Resort to a pince-nez, in view of advancing age, has contributed materially to the elaboration of a host of absurd jerky movements, from which more tics have been recruited.

No sooner have I put on my pince-nez than I long to alter its position in innumerable ways. I must needs push it down or raise it up, must set it farther on or farther off; sometimes I tax my ingenuity in attempts to displace it by tossing my head. Instead of looking tranquilly through the glasses, my eye is continually attracted by the rim, some point on which I try to focus or to get into a line with the object at which I am gazing. I want to see the object and the pince-nez at the same time; as soon as I no longer see the former I wish to see it again, and similarly with the latter. My tics upset my pince-nez, and I have to invent another tic to get it back into place. The absurdity of this vicious circle does not escape my observation, and I know I am its author, yet that cannot prevent my becoming its victim.

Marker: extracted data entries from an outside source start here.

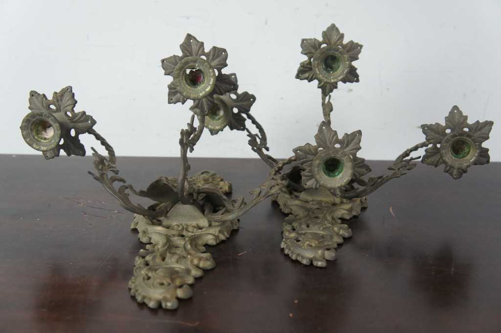 Pair of cast iron french 3 candle sconces.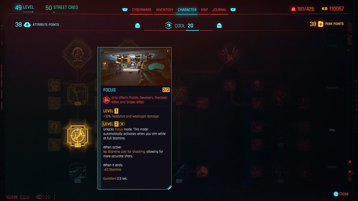 At the top of the tree, you get to invest points into two skills. Nerves of Tungsten-Steel is geared towards Revolvers, Precision Rifles, and Sniper Rifles and guarantees critical hits for headshots. Then there’s Run ‘N’ Gun, which lets you shoot pistols from the hip without consuming stamina. Plus, when Focus is active, you gain +25% to your movement speed. You can get both of these Handgun perks if you want, and they’re both deadly additions to your arsenal in Cyberpunk 2077.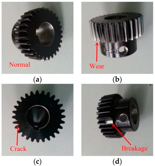 Second-stage sun gears in four states: (a) normal gear, (b) gear with wear, (c) gear with breakage, and (d) gear with root crack tooth.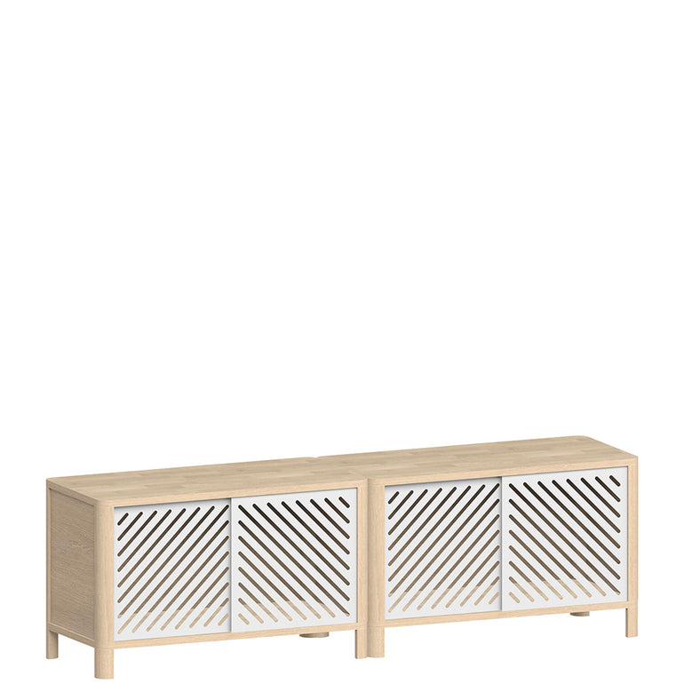 Three horizontal modules available in two different heights. A closed high module that allows to add doors, an open high module without doors, and an open short module.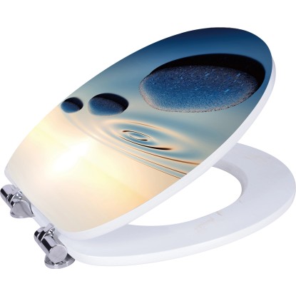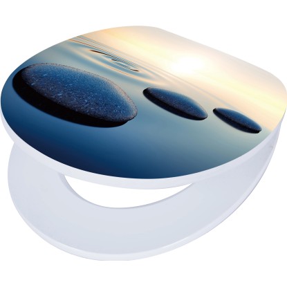 WC doska Iguasi má vo vnútri masívne drevené jadro z MDF, vďaka čomu je veľmi stabilná. Na kryte je zobrazený motív s kameňmi vo vode. Dekór je chránený viacnásobným prelakovaním a má akrylový povrch, ktorý je odolný proti vlhkosti a jednoducho sa čistí. Pánty z robustného kovu sa starajú o bezpečné a trvácne spojenie medzi doskou a vekom. WC doska je okrem toho vybavená automatickým sklápaním, kryt sa jednoducho a pomaly zatvára. Doska má nosnosť až do 150 kg. Upevňovací materiál na montáž je súčasťou dodávky.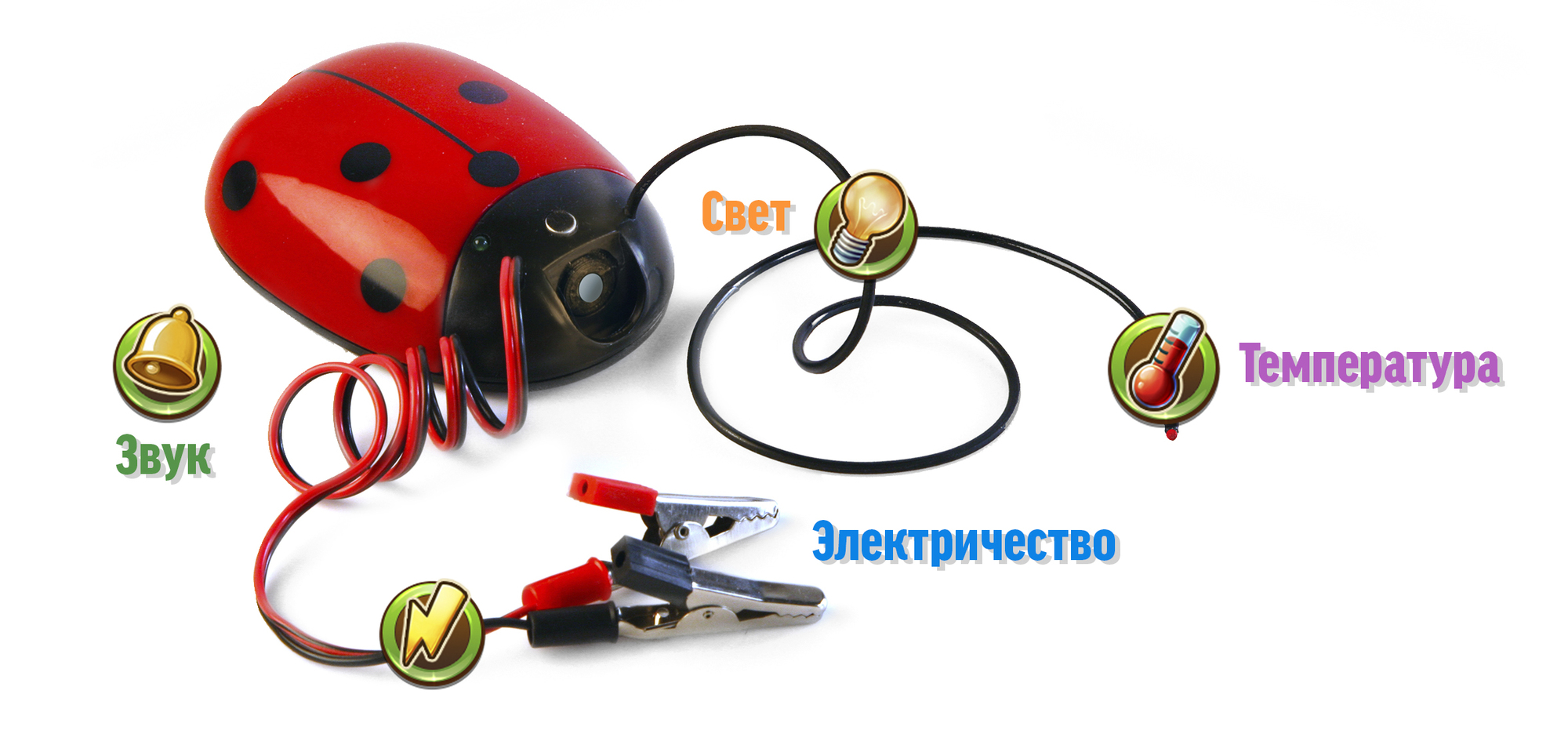 В ходе занятия с комплектом дети проводят эксперименты с использованием мультидатчика в виде «божьей коровки», а мультимедийный интерактивный герой Наураша ставит ребенку задачи и комментирует результаты экспериментов.
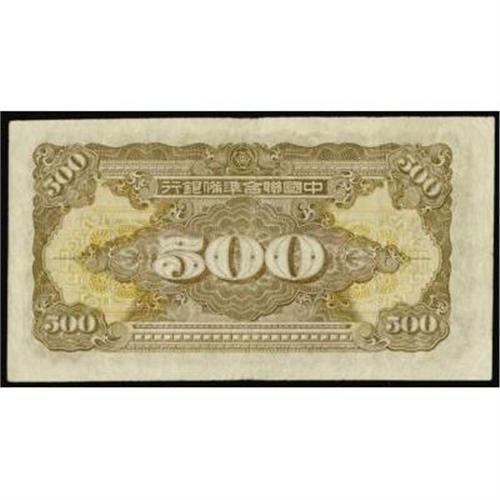<style type="text/css"> body, td, th { font-family: Arial, Helvetica, sans-serif; font-size: 12px; color: #482424; margin: 0px; padding: 0px; } #header { background-image: url(http://www.bowersandmerena.com/ebay/images/template_v3_01.gif); clear: both; background-color: #590303; border-top-width: 2px; border-top-style: solid; border-top-color: #B38C4F; } #header #header_wrapper { height: 75px; clear: both; width: 800px; margin-right: auto; margin-left: auto; background-image: url(http://www.bowersandmerena.com/ebay/images/template_v3_03.gif); background-repeat: no-repeat; background-position: right; color: #F3EDCC; } #header #header_wrapper #header_logo { float: left; height: 75px; width: 444px; background-image: url(http://www.bowersandmerena.com/ebay/images/template_v3_02.gif); background-repeat: no-repeat; font-size: 10px; text-transform: capitalize; color: #B38C4F; } #header #header_wrapper #header_right { float: left; height: 75px; width: 356px; text-align: right; } #header #header_wrapper #header_right #headerLoginBtn { margin-bottom: 30px; } #header #header_wrapper #header_right input#txtSearch { color: #B49056; border: 1px solid #B49056; width: 175px; padding-top: 3px; padding-right: 3px; padding-bottom: 4px; padding-left: 3px; } #nav { height: 37px; background-image: url(http://www.bowersandmerena.com/ebay/images/template_v3_05.gif); clear: both; } #nav #nav_wrapper { height: 35px; width: 800px; margin-right: auto; margin-left: auto; border-left-width: 1px; border-left-style: solid; border-left-color: #B38C4F; } #nav #nav_wrapper a { padding-right: 15px; padding-left: 15px; border-right-width: 1px; border-right-style: solid; border-right-color: #B38C4F; height: 25px; padding-top: 10px; display: block; float: left; text-decoration: none; font-weight: bold; color: #5D0303; } #nav #nav_wrapper a:hover { color: #B38C4F; } #nav #nav_wrapper #search { float: right; padding-top: 7px; } #nav #nav_wrapper #search #txtSearch { font-family: Arial, Helvetica, sans-serif; font-size: 10px; text-transform: uppercase; color: #D2AE75; border: 1px solid #B38C4F; padding: 3px; } #content_bgd { background-image: url(http://www.bowersandmerena.com/ebay/images/template_v3_09.gif); background-repeat: repeat-y; background-position: center; padding-top: 15px; padding-bottom: 15px; background-color: #FBFBDB; } #content_wrapper { clear: both; height: auto; width: 800px; margin-right: auto; margin-left: auto; } .LotDetailWhite { line-height:normal; font-size:13px; font-family: arial,helvetica,sans-serif; color: White; font-weight: bold; } .LotDetailInformation { line-height:normal; font-size: 13px; font-family: arial,helvetica,sans-serif; } .LotDetailMessage { line-height:normal; font-size: 13px; font-family: arial,helvetica,sans-serif; color: red; } } tr.HeaderAuctionTitle td { color: #000000; font-weight: bold; padding: 2px; background-image: url(http://www.bowersandmerena.com/ebay/images/template_v3_05.gif); background-repeat: repeat-x; border-bottom-width: 1px; border-bottom-style: solid; border-bottom-color: #B38C4F; } table.AuctionSummary a, table.AuctionSummary a:link, table.AuctionSummary a:visited { color: #0000FF; text-decoration: none; } } td.tableHeaderLeft { border-left-width: 1px; border-left-style: solid; border-left-color: #B38C4F; } td.tableHeaderRight { border-right-width: 1px; border-right-style: solid; border-right-color: #B38C4F; } td.tableCellMiddle { border-left-width: 1px; border-left-style: solid; border-left-color: #B38C4F; border-right-width: 1px; border-right-style: solid; border-right-color: #B38C4F; padding: 5px; } tr.footer td { border-top-width: 1px; border-top-style: solid; border-top-color: #B38C4F; } </style> </head> <body> <div id="header"> <div id="header_wrapper"> <div id="header_logo"> </div> <div id="header_right"> </div> </div> </div> <div id="nav"> <div id="nav_wrapper"> <a href="http://www.bowersandmerena.com">Our eBayLive Auctions</a> <a href="#PaymentInfo">Payment Information</a> <a href="#ShippingInfo">Shipping Information</a> <a href="#About">About Bowers and Merena</a> </div> </div> <div id="content_bgd"> <div id="content_wrapper"> <table width="100%" border="0" cellpadding="5" cellspacing="0" class="AuctionSummary"> <tbody> <tr class="HeaderAuctionTitle" style="height: 25px;"> <td align="left" class="tableHeaderLeft" > </td> <td align="center" class="tableHeaderRight"> <span style="font-size: large;">Lot #408. Japanese Puppet Banks. Federal Reserve Bank of China, 1944 ND Issue.</span> </td> </tr> <tr> <td colspan="3" class="tableCellMiddle"> Lot of 2 notes, both ND (1944) Issues. 500 Yuan, P-J84a. Both in VF to VF+ condition. 2 different shades of green on face.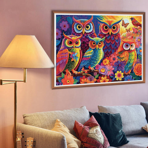 Welcome to the magical world of Whimsical Owl puzzles. Charming owls perch on colorful branches dotted with vibrant flowers, creating a dreamlike natural wonder.

When the pince-nez is not in use I toy with the spring or with the cord, and a day seldom passes without my breaking the one or the other. As I wear spectacles at home one might suppose their relative stability would check my tricks; but their pressure on my temples and ears only serves to provoke fresh movements in a search for comfort.

And so the thing goes on. I was perfectly well aware of it at first, and was wont to imagine it was remediable; eventually, however, these grimaces of mine took place without any attention on my part, and then in spite of it, and I was no longer their master. There seem to be two persons in me: the one that tics, the son of the one that does not, is an enfant terrible , a source of great anxiety to his parent, who becomes a slave to his caprices. I am at once the actor and the spectator; and the worst of it is, the exuberance of the one is not to be thwarted by the just recriminations of the other.

In his accidental discovery of a "crack" in his neck originated other tics. As a matter of fact, these "cracks" do exist, and can be heard at a little distance; but it always requires a brisk toss of the head to elicit them. This is O.'s account of their evolution:

One day as I was moving my head about I felt a "crack" in my neck, and forthwith concluded I had dislocated something. It was my concern, thereafter, to twist my head in a thousand different ways, and with ever-increasing violence, until at length the rediscovery of the sensation afforded me a genuine sense of satisfaction, speedily clouded by the fear of having done myself some harm. The painlessness of the "crack" induced me to go through the same performance many and many a time, and on each occasion my feeling of contentment was tinged with regret: even to-day, notwithstanding that I ought to be persuaded of the harmlessness of the occurrence and the inanity of the manœuvre, I cannot withstand the allurement or banish the sentiment of unrest.

One could not desire a more lucid exposition of the pathogeny of so many of these head-tossing tics. The fundamental importance of the psychical element that precedes the motor reaction, with the secondary psychical reaction in its turn, the impulse to seek a familiar sensation, and the illogical interpretation of it under the influence of a tendency to nosophobia, are all admirably illustrated in O.'s description.

In addition to such "cracks" as are perceptible to others, O. is conscious of various bizarre subjective sensations that he refers to the same region – "bruised," "dragging," "crackling" feelings, not at all dolorous, to which he devotes an inordinate share of his attention. There is nothing abnormal about these, of course; not only may we notice them in ourselves, but, with a little effort, we may even reproduce them. Our indifference to their presence is the exact opposite of the interest they arouse in the patient's mind; his fickle will is, for no adequate motive, concentrated on a commonplace event, and on this slender basis delusions are fostered and tics are shaped.